[Bioc-devel] strange behavior on memory usage
Hi Vince, et al. it seems to me the problem is bigger than just fixing the "show" method and caching (duplicating) e.g. the dimension information in extra slots. I am a bit worried that if "getExpData" is such a memory hog the whole eSet class becomes much less useful - and people might be tempted to revert back to using simple matrices for performance-critical computations. Is there a better way to do this avoiding such overhead with "getExpData" in the first place? (I guess we might need somebody who understands the memory management in R and perhaps even can write some of the necessary infrastructure in C.)
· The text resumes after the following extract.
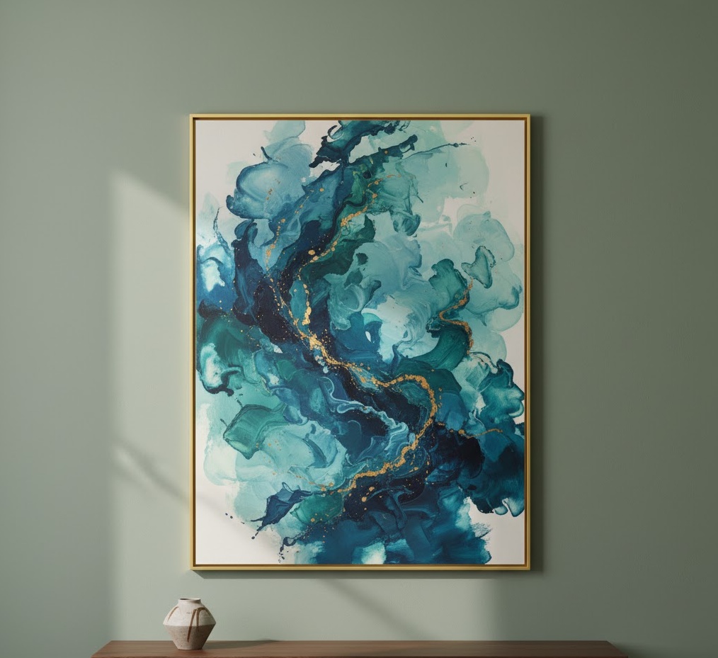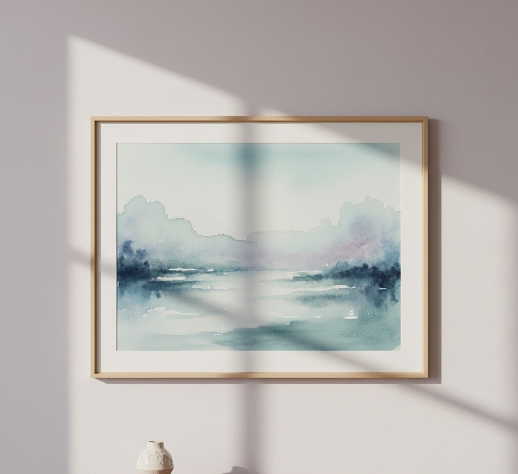 Introduce a delicate and ethereal touch with watercolour bedroom art, known for its soft washes and translucent qualities. This style often features landscapes, botanical illustrations, abstract forms, or gentle portraits rendered in watercolour, creating a dreamy and serene effect. Materials are typically high-quality paper, often framed simply to let the art speak for itself. The colour palette is usually soft, muted, and blended, with subtle transitions, fostering a calm, gentle, and artistic mood. It adds a sophisticated yet understated elegance to the bedroom.

i agree with you that the utility of eSet has to be compared to simple matrices, and should not be too far behind (some loss is permissible given the added value). i have not had the chance to do such comparisons but eSet has been rewritten and committed just last night. i have only rewritten it a priori, no profiling yet. i am trying to get some time to do some experiments but have none yet.
What I don't understand in Benilton's Email (one of the many things) is
this "ps: i just noticed that using dim(exprs(x)) in show() reduces the
memory usage from 6GB to 3.5GB... " but the implementation of exprs() is
setMethod("exprs", "eSet",
function(object) getExpData(object, "exprs")
)
i only preserved getExpData as legacy, it is deprecated. we now have assayData accessor which returns whatever is provided (list or environment) and exprs() which takes the named element of the assayData with name "exprs"
i.e. it just calls getExpData:
setMethod("getExpData", c("eSet", "character"),
function(object, name) {
object at eList[[name]] })
this should only be called if someone actually wants the assayData; if you are just describing the thing, use managed metadata. now if we see that these accessors are painful to use, then i agree i have to write some other code. i just have no data.